Built in 1961, the two-story cottage needed a lot of renovation. “It’s an old beach cottage that we converted. It’s bright yellow outside with blue shutters. Inside we have 16 windows. In each window I have either a shutter or a custom window treatment to show customers different window treatment ideas. I have four showrooms that are full of fabric lines, trim lines, wallpaper, hardware. We have a lot of working displays—big ones, not the hand samples,” she says.

Debbie Priestley’s background in the business began when she was child. Her mother, Carol Suttka, had a fabric store and did sewing and alterations upstairs. “So when I was 13 I used to sell dress fabrics.
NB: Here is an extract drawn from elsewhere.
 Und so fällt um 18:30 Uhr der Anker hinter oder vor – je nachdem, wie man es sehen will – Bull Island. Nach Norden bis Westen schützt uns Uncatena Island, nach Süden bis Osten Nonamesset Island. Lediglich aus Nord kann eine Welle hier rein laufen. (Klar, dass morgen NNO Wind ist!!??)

I have grown up in the fabrics business,” Priestley says. “Everything I’ve learned I basically learned from my mom.”

In 1984 Debbie started working for her mother and father’s window treatments business, Interiors by Carol, and she ran one of their stores until 1994. Carol and Craig Suttka still run their business in Ocean Pines, MD, about 10 miles away. “They do the same business,” Priestley says. “My dad is an installer and my mom does the decorating.”
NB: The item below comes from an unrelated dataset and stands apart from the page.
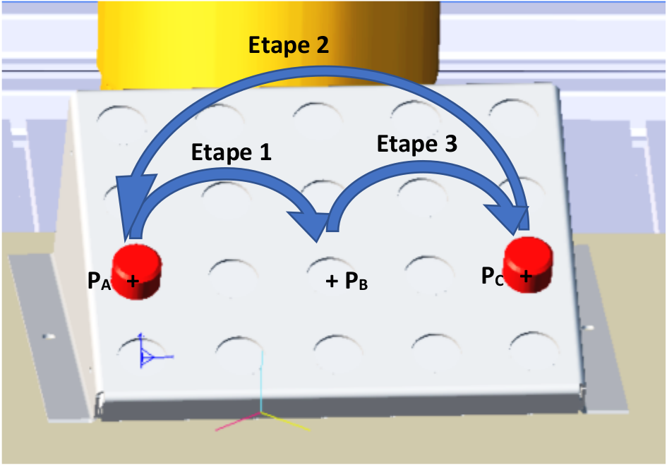 L'objectif est de déplacer de manière répétitive 2 pièces initialement placées en pA et pC sur une palette comme montré sur l'image suivante:

When Debbie and Jerry set out to open Designing Windows, the first thing they did was call mom. “I asked her how she would feel about me starting up my own business and she was very encouraging.”

From there on it has been a success story—one based on quality products, expertise, customer service and not solely on price. “Price is a factor,” Priestley admits, “but if somebody comes in [after shopping a discount or box store], we tell them right up front, ‘We are not competitive with every product; however, when you buy from us you get our knowledge.’ We give free in-home estimates, we have two in-shop installers—one of them being the owner. That’s very important. Customers know who is going into their homes, that it’s not somebody that they don’t know.

“My success is due to the people I work with. They helped make our business,” Priestley continues. “Our customer service is second to none. We have four wonderful decorators who go out and sell the jobs, and what’s nice about that is that while they’re out selling they know that back at the store their customers are still being taken care of.

“While the decorators are out selling I have two people here all the time making sure our business runs, answering the phones, taking care of customers. If there is a problem, we don’t wait until the end of the day. We get right on the problem, take care of it and resolve it.”